You should find it runs faster now:



In [None]:
for epoch in range(epochs):
    model.train()
    for xb, yb in train_dl:
        xb = xb.to(device)
        yb = yb.to(device)
        
        pred = model(xb)
        loss = loss_func(pred, yb)

        loss.backward()
        opt.step()
        opt.zero_grad()

    model.eval()
    with torch.no_grad():
        valid_loss = sum(loss_func(model(xb.to(device)), yb.to(device)) for xb, yb in valid_dl)

    print(epoch, valid_loss / len(valid_dl))

Closing thoughts
-----------------

We now have a general data pipeline and training loop which you can use for
training many types of models using Pytorch.

Of course, there are many things you'll want to add, such as data augmentation,
hyperparameter tuning, monitoring training, transfer learning, and so forth, but we'll learn it later.

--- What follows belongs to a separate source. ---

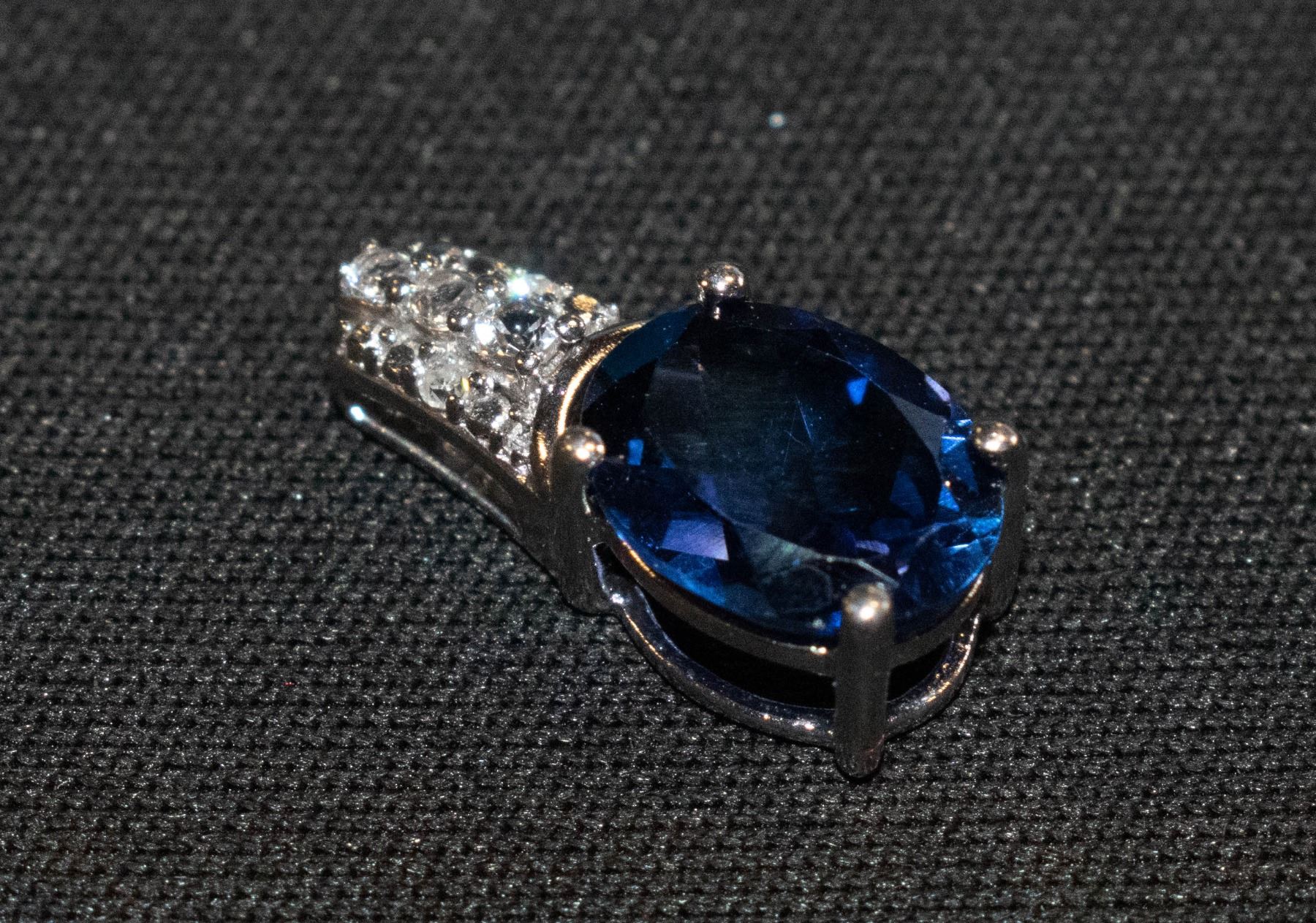 BZ511-56 SILVER CREATED SAPPHIRE PENDANT

We promised at the start of this tutorial we'd explain through example each of
``torch.nn``, ``torch.optim``, ``Dataset``, and ``DataLoader``. So let's summarize
what we've seen:

 - **torch.nn**

   + ``Module``: creates a callable which behaves like a function, but can also
     contain state(such as neural net layer weights). It knows what ``Parameter`` (s) it
     contains and can zero all their gradients, loop through them for weight updates, etc.
   + ``Parameter``: a wrapper for a tensor that tells a ``Module`` that it has weights
     that need updating during backprop. Only tensors with the `requires_grad` attribute set are updated
   + ``functional``: a module(usually imported into the ``F`` namespace by convention)
     which contains activation functions, loss functions, etc, as well as non-stateful
     versions of layers such as convolutional and linear layers.
 - ``torch.optim``: Contains optimizers such as ``SGD``, which update the weights
   of ``Parameter`` during the backward step
 - ``Dataset``: An abstract interface of objects with a ``__len__`` and a ``__getitem__``,
   including classes provided with Pytorch such as ``TensorDataset``
 - ``DataLoader``: Takes any ``Dataset`` and creates an iterator which returns batches of data.